Partiendo de estos escasos datos probatorios hemos de reiterar es obligación de ambos progenitores contribuir al sostenimiento de sus hijos, y en este caso, la pensión establecida se considera de mera subsistencia (en las más recientes Sentencias esta Sala estima como mínimo vital una cantidad que oscila entre 150 y 180 euros), por lo que atendiendo al prevalente interés del hijo, no se estima procedente la reducción de la cuantía de la pensión alimenticia. La cuantía fijada en concepto de alimentos para el hijo en la sentencia constituye un mínimo vital sin que pueda hacerse recaer toda la obligación de prestarlos sobre la madre, cuyos ingresos son igualmente muy limitados casi equiparables o inclusos inferiores a los del padre. La asistencia debida a los hijos dimana de la patria potestad, generadora de derechos y obligaciones paterno-filiales, y entre ellos, la obligación de alimentos de los progenitores, garantizándoles el mínimo vital, debiendo recordarse que, como ha declarado el Tribunal Supremo en Sentencia de 8 de noviembre de 2012 , con cita de la STS de 5 de octubre de 1993 , hay obligación de pago de alimentos aunque se carezca de recursos. Las alegaciones del recurso no desvirtúan la valoración que se hace en la sentencia, ya que el recurrente no carece de recursos, y aún siendo de escasa cuantía no le exime de las obligaciones inherentes a la patria potestad. Por todo ello, atendiendo a la obligación del progenitor no custodio de alimentar a sus hijos, y teniendo en cuenta que la cuantía fijada se considera mínimo vital de subsistencia, esto es, aquel importe mínimo que deberá abonarse en concepto de pensión alimenticia a favor del menor a pesar de que se encuentre es situación de incapacidad temporal y con los escasos ingresos que afirma procedente de la prestación por incapacidad, , procede confirmar la sentencia en cuanto a cuantía establecida, la cual es ajustada a derecho y proporcional al caudal de ambos progenitores sin que proceda su reducción ni suspensión, al considerarse como una pensión de mera subsistencia , tal y como se declara en la sentencia apelada desestimándose el recuso deducido.

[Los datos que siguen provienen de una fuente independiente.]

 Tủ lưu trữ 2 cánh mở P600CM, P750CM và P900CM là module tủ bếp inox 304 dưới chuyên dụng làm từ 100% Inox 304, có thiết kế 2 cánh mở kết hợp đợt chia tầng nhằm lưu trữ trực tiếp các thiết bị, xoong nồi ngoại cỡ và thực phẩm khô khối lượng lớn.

CUARTO.- De conformidad con lo previsto en los artículos 394 y 398, ambos de la Ley 1/2000, de 7 de enero, de Enjuiciamiento Civil , procederá imponer las costas procesales devengadas en esta alzada a la parte apelante.
Vistos los preceptos legales citados y demás de general y pertinente aplicación al caso,
Fallo
Que desestimando el recurso de apelación interpuesto por don Elias representado en esta alzada por la Procuradora de los Tribunales, Doña Elsa Berros Medina contra la sentencia de nueve de marzo de dos mil quince, dictada por el Juzgado de Primera Instancia número Dos Torremolinos en autos de juicio verbal especial número 448 de 2014, confirmamos íntegramente la misma y debemos acordar y acordamos imponer las costas procesales causadas en esta alzada a la parte apelante.

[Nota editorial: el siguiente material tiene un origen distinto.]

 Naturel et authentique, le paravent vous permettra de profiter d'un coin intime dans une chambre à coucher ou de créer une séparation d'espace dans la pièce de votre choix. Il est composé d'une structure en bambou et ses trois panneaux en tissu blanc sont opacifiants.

Notifíquese la presente resolución a las partes personadas, devolviéndose seguidamente las actuaciones originales, con certificación de esta sentencia, al Juzgado de Primera Instancia de donde dimanan, a fin de que proceda llevar a cabo su cumplimiento y, en su caso, ejecución.
Así por esta nuestra sentencia, definitivamente juzgando, lo pronunciamos, mandamos y firmamos.